In reporting found in today’s New York Times (found at the bottom of an article entitled “Momentum Builds Against N.S.A. Surveillance”), I found the following:

Ms. Lofgren [Zoe Lofgren (Chairman of House Ethics Committee 2009–2011)] said the White House and Democratic and Republican leaders had not come to grips with what she called “a grave sense of betrayal” that greeted Mr. Snowden’s revelations. Since the Bush administration, lawmakers had been repeatedly assured that such indiscriminate collection of data did not exist, and that when targeting was unspecific, it was aimed at people abroad.

In its understated, and sometimes blundering way, the Times, if not Ms. Lofgren, has put its finger on what I believe to be the heart of the issue. The “sense of betrayal” is the bottom line of public sentiment from all quarters. Even the most paranoid among us couldn’t have imagined in 2001 or 2002 the extent of surveillance that would emerge post 9/11. However, concern about privacy issues was considered “fringe” until Edward Snowden’s documentation made it hard for the government to continue its denials. The Emperor’s New Clothes had been revealed. The “mainstream” was now forced to come to grips with an issue they’d been in denial over for the past decade or so.

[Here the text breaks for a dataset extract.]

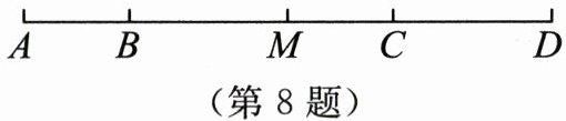 8. 如图,B,C两点把线段AD分成2∶5∶3三部分,M为AD的中点,BM= 6 cm,则CM的长为

The American public wants to believe the lies the government pours forth in an unending stream. They have an investment in their government, and thus want to believe it is a good one. But, wishing for a thing does not make it so. Americans have a great resistance to seeing the corruption, greed, and criminality in their government. It takes a strong case to shine through the smoke and haze, and it appears that Edward Snowden’s released documents finally made the case that will turn the tide of opinion of the American public.

Still, buyer’s remorse looms large in America’s consumer society. Americans may still choose to blindly embrace their corrupt and nearly bankrupted government rather than face the truth with all its consequences. Should that happen, there will come another tide, and then another. The rising waters of accumulated megalomania and neglect are drowning the current generation of despots. What will replace them?